Beyond the Youth

Working on some art


I don’t know what it’s like to have a child of my own, especially one who is facing struggles I have never personally dealt with. I imagine worry, stress, fear, confusion and potentially desperation are words to describe the emotions that come with it. Only those of you who have your own children may understand. I see the pain of youth, deep and dark. Some of those youth I see or speak to on a daily basis. I am with them in the mess of their lives.

Yes, I love each of the youth I work with but I still can’t understand the feeling of having responsibility for a child who can’t get out of bed; who wont eat; who cries themselves to sleep every night. The things that happen, the choices they make, it just doesn’t always make sense but haven’t we all been there. For some of us, we’re even in it right now.
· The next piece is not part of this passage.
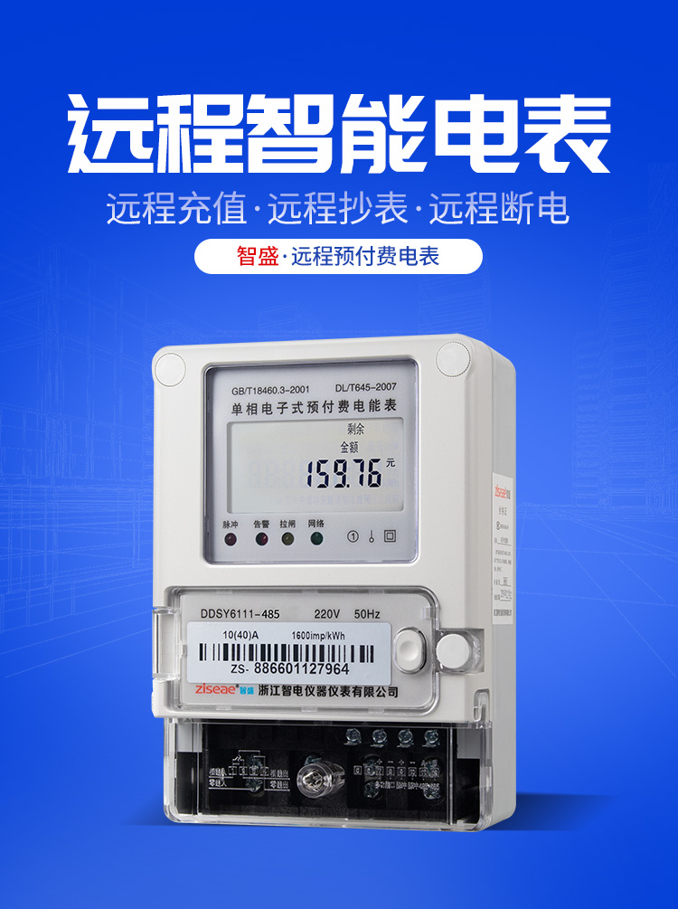 本公司DDSY6111/DDZY6111远程智能电表与本公司远程抄表系统和手机APP配套使用,远程抄表管理系统具有实时抄表、定时抄表外,还提供了设备管理功能,如告警、余额短信通知、远程充值、手机抄表、手机查询、手机充值、预付费、后付费、自助充值机充值、远程拉合闸、各种查询报表、统计报表下载等功能。

You may be asking why I’m going on about this idea. It’s because I want you to see a side of youth work that is unexpected and profound. It’s when the parents just need someone to talk to, when they need someone to hear their concerns, their fears and their dreams for their children. Lately I have had the privilege of speaking with several parents. I had a conversation with a father about his daughter. She hadn’t been eating and hates how she looks. I just told her father that they (him and his wife) weren’t alone, their daughter had talk to me about her struggle and that I too was walking along side her in this. He looked at me solemnly and thanked me, all he wanted was for his little girl to feel good in her own skin and he wasn’t sure how to help her. But he was relieved in part that this wasn’t all on him and his wife.

I spoke with another parent this week when I dropped a student off at their house. Their mom came out to speak with me and, as she discussed with me how her child had been lately, she looked at me and said “I just want her to be happy”. Tears rolled down her face. She just didn’t know how to help her child anymore. She told me she was thankful that myself and my teammates were such a huge help in her child’s life. That she knew even though her child wouldn’t talked to her, at least they were talking to responsible, loving people.

These moments say to me that we really can’t do life alone, that we were never meant to. That I get to be a part of these parents journey’s in raising their children, that I get to be a safe place for their cherished child to express themselves, that I get to be there with them, as youth and parents. That in all of this, my work is not just for the youth as individuals but also for strengthening the families as a whole.

I wrote this quote and it seems fitting:

The cross is a call to life that’s reached the scariest unknown and comes back from it with hope.